● What needs to be done
What is needed here is an exact printout of the data, with no pictures included.

● Available data
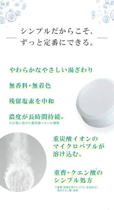 ホットタブは細かい泡でゆっくりと溶解するよう固く作られており、pH中性と相まって、より多くの重炭酸イオンを湯中に留まらせるよう設計されています。
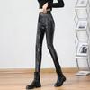 These stylish Women's High Waist Black PU Leather Motorcycle Pants are designed for both comfort and flair during the winter months. Made from high-quality faux leather, these pants feature an elastic pencil legging fit that enhances your silhouette. The interior is lined with soft velvet, ensuring warmth and coziness. A unique letter decoration adds a trendy touch, making these pants a fashionable addition to your wardrobe. Perfect for pairing with your favorite tops and jackets, these pants offer both versatility and elegance for any occasion.
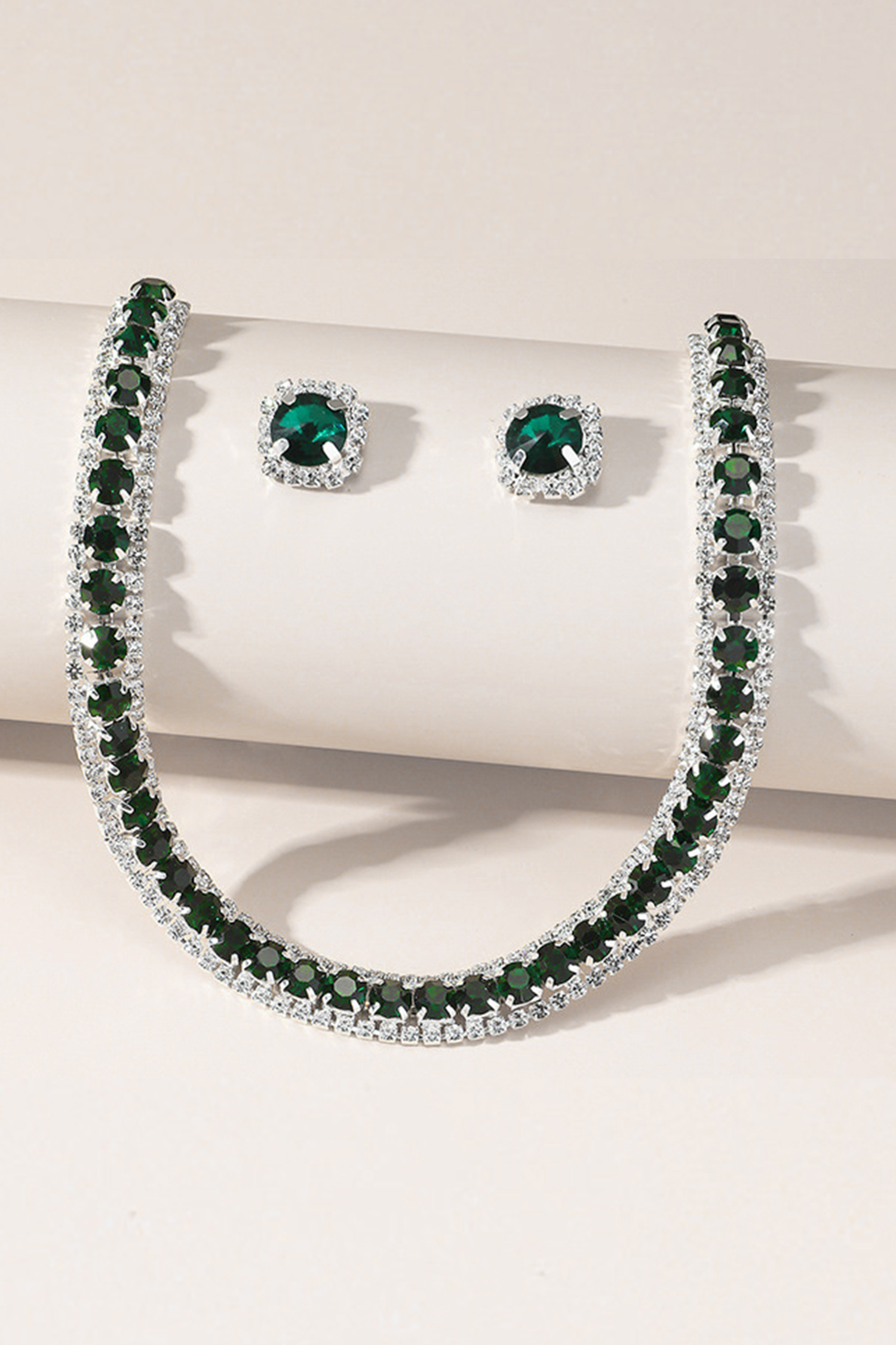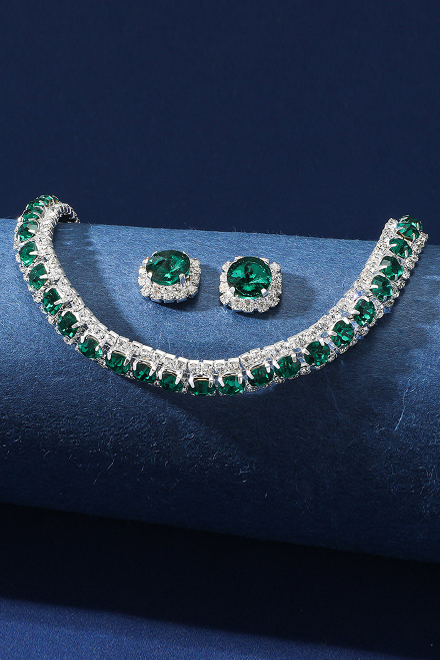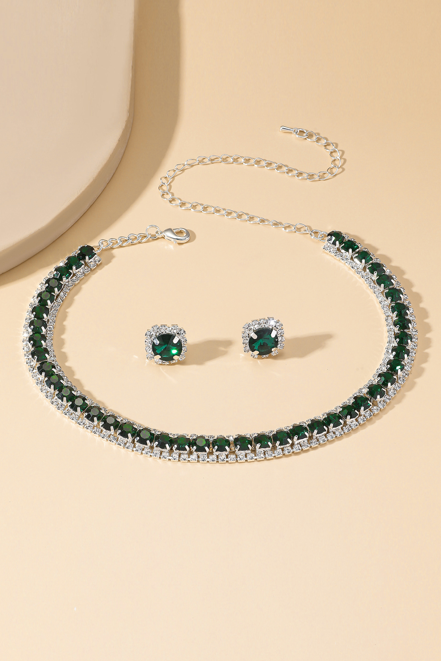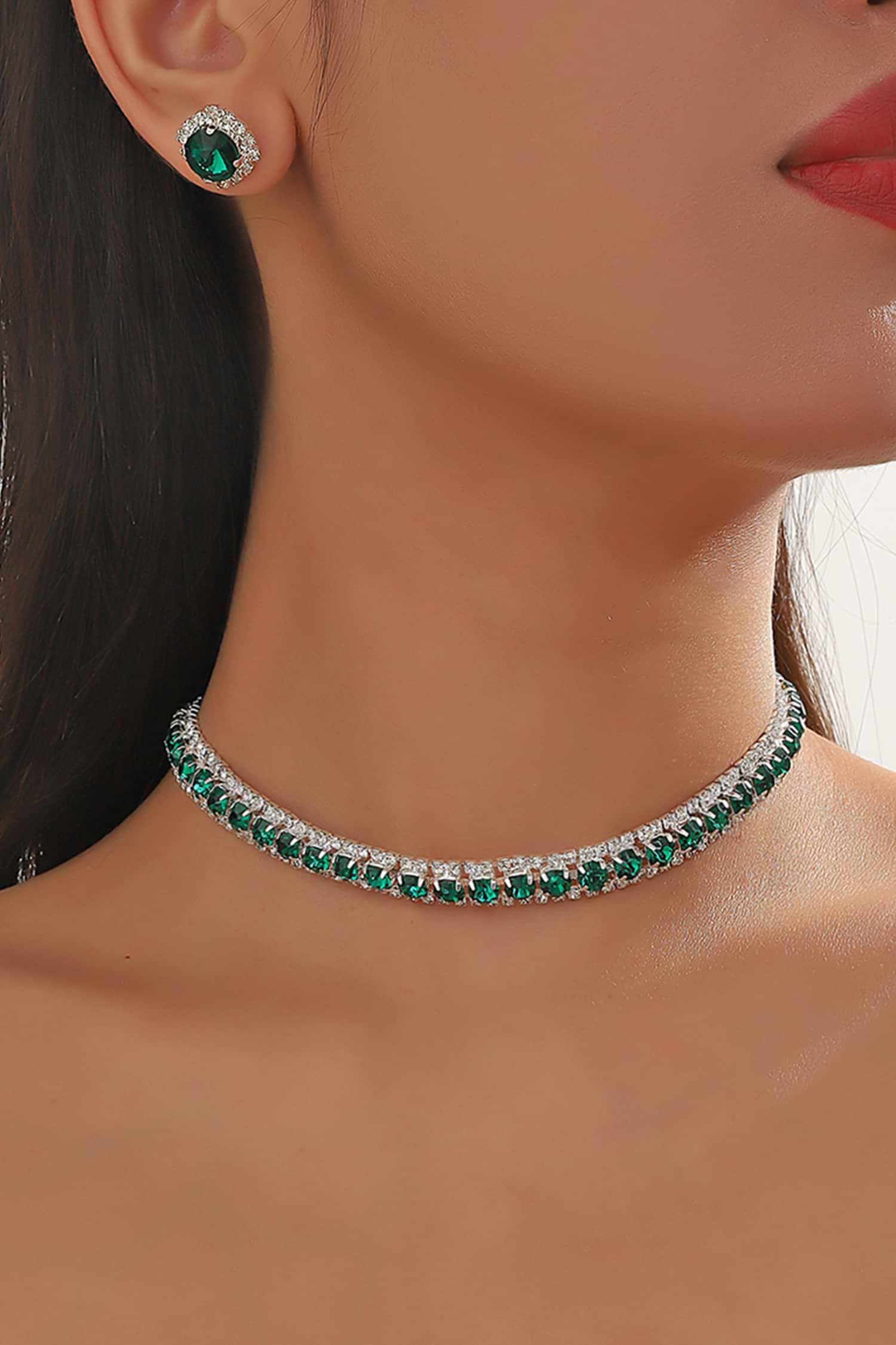 Collier ras-du-cou en cristal clair et fausse émeraude

● Solution for this exercise
 ホットタブは細かい泡でゆっくりと溶解するよう固く作られており、pH中性と相まって、より多くの重炭酸イオンを湯中に留まらせるよう設計されています。
 These stylish Women's High Waist Black PU Leather Motorcycle Pants are designed for both comfort and flair during the winter months. Made from high-quality faux leather, these pants feature an elastic pencil legging fit that enhances your silhouette. The interior is lined with soft velvet, ensuring warmth and coziness. A unique letter decoration adds a trendy touch, making these pants a fashionable addition to your wardrobe. Perfect for pairing with your favorite tops and jackets, these pants offer both versatility and elegance for any occasion.
 Collier ras-du-cou en cristal clair et fausse émeraude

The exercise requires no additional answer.